In the framework of a hyperheuristic approach, many hard combinatorial optimization problems have already been tackled using heuristics (Burke et al. [46]), which motivates our recommendation of this approach. Strengthening weaknesses is the essence of hyperheuristics since they smartly work with search spaces of heuristics. The idea is, during a process of exploring new solutions, to choose the adequate metaheuristic where the currently used one is failing to improve or to generate new heuristics by using the components of existing ones (Soubeiga [47]; Burke et al. [48]).

There is an alternative to these approximate methods, which could be explored: the use of efficient exact methods (branch and bound…) with the introduction of tight lower bounds. In our review, we found that only Tang et al. [27] developed a lower bound and used a classical branch and bound algorithm, while other authors combined special heuristics with their method (Bolat [30, 34], Li [39], and Yan and Huo [2]).

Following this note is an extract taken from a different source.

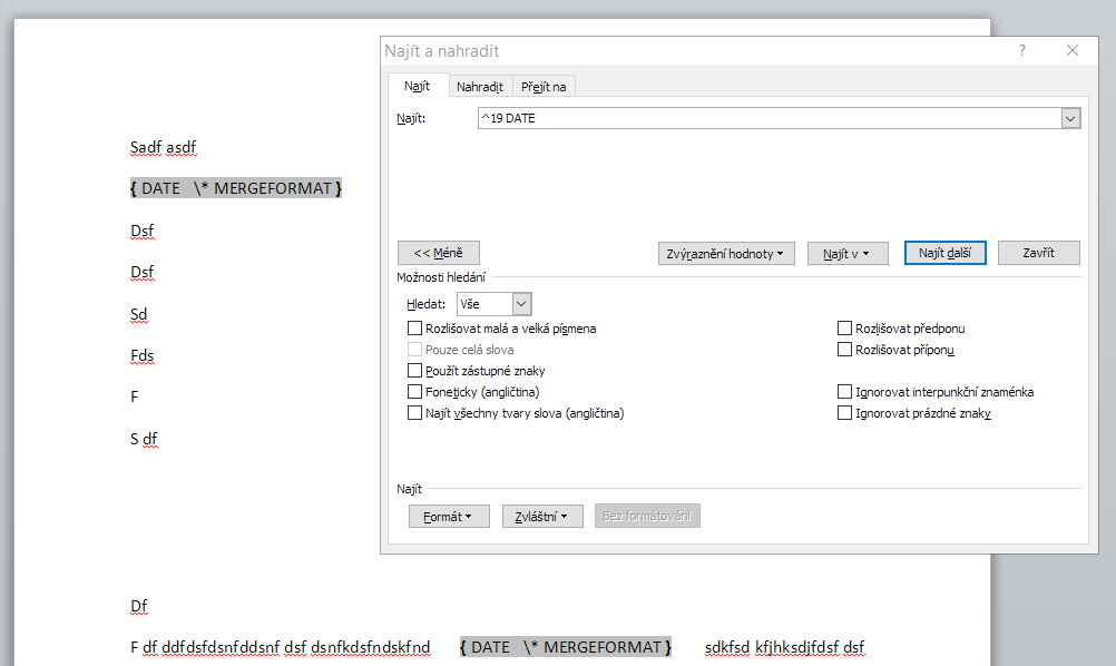 Word - hromadné odstranění "pole datum"

We have also noticed the absence of a data set for AGAP. It could be interesting to have a set of instances of different sizes that can be shared by researchers, with benchmarks (optimal and best-known values) and CPU times to help comparing methods as it is the case for known problems: quadratic assignment problem and travelling salesman problem.

Conflict of Interests

The authors declare that there is no conflict of interests regarding the publication of this paper.

Acknowledgment

The authors extend their appreciation to the Deanship of Scientific Research Center of the College of Engineering at King Saud University for supporting this work.